Student with disability restrained, given electric shocks at school
The Judge Rotenberg Center (JRC), a school for students with special needs in Canton, Massachusetts, is under investigation for questionable, risky, and potentially life-threatening treatment of its students.
Established as an organization to treat children with severe behavioral and mental disabilities, the JRC is being sued by the mother of Andre McCollins, a young man with a disability, over what she calls torture by JRC staff. WBZ-TV in Boston has additional details:
In court Wednesday, an expert witness for the family testified that the doctors stood by as Andre was shocked in 2002 at the age of 18. He says Andre was literally “scared stiff.”
Disturbing video of the treatment was shown in court. Jurors listened as Andre screamed as he was shocked, and yelled out, “No.” He was then restrained face down for hours.
“He was essentially in what we would call a catatonic condition,” says Dr. Marc Whaley. “That means a condition that happens with people that are acutely psychotically disturbed.”
The allegations of Andre’s mistreatment are especially disturbing since these events transpired in an environment that is supposed to be safe for children – school.

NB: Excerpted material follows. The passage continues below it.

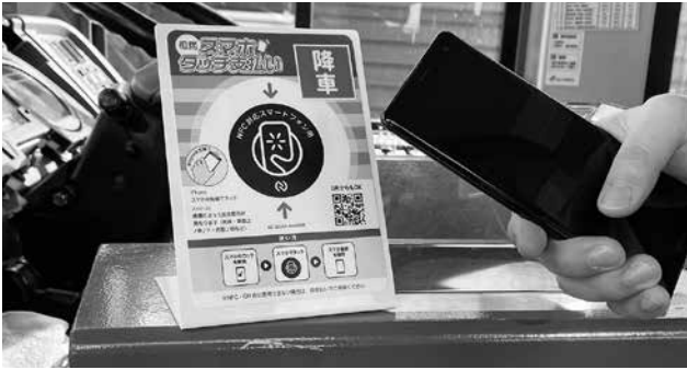
▲乗降時にスマホをかざしてキャッシュレス決済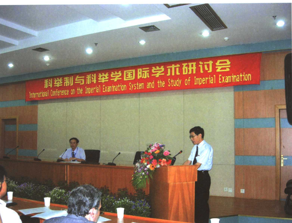
2005年“科举制与科举学国际学术研讨会”开幕式

The issues raised in this case are not isolated. Last Congress, as Chairman of the Committee on Education and Labor, Rep. George Miller (D-CA) conducted hearings into abusive practices in schools involving the seclusion or restraint of children. An investigation, requested by Miller and conducted by the Government Accountability Office (GAO), found hundreds of allegations that schoolchildren had been abused, and some even died, as a result of inappropriate uses of seclusion and restraint in classrooms. Furthermore, the report found that the abusive practices were used disproportionately on children with disabilities, some as young as three and four years old.

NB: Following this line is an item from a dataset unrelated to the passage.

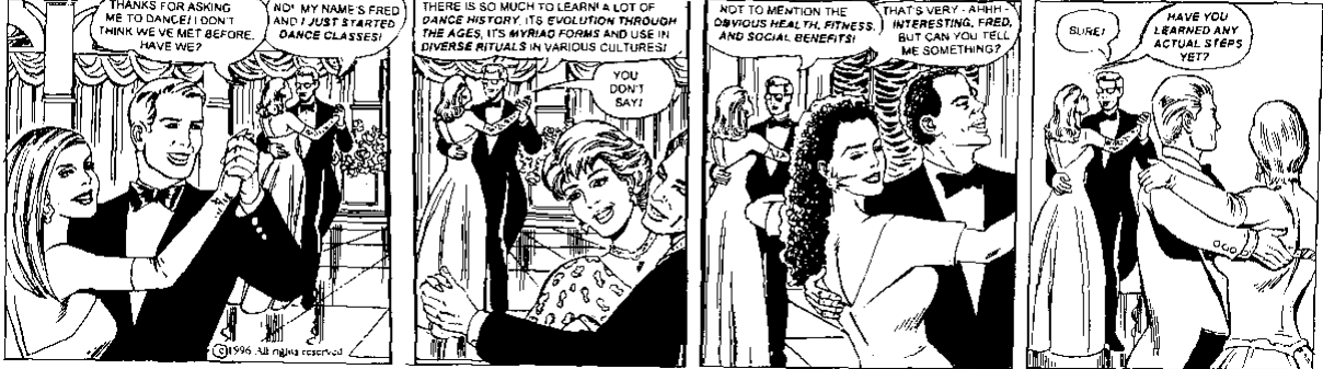
FOOTLIGHTS by Larry Fuller and Dan Bulanadi

Rep. Miller believes that there is no excuse for torture and abuse in America’s schools. That is why, in early April 2011 he re-introduced the Keeping All Students Safe Act to ensure all children are protected at school. The bipartisan legislation would protect schoolchildren from inappropriate uses of restraint and seclusion. The bill would, for the first time, put in place minimum safety standards to prevent abusive restraint and seclusion in schools across the country and protect students like Andre from any further mistreatment.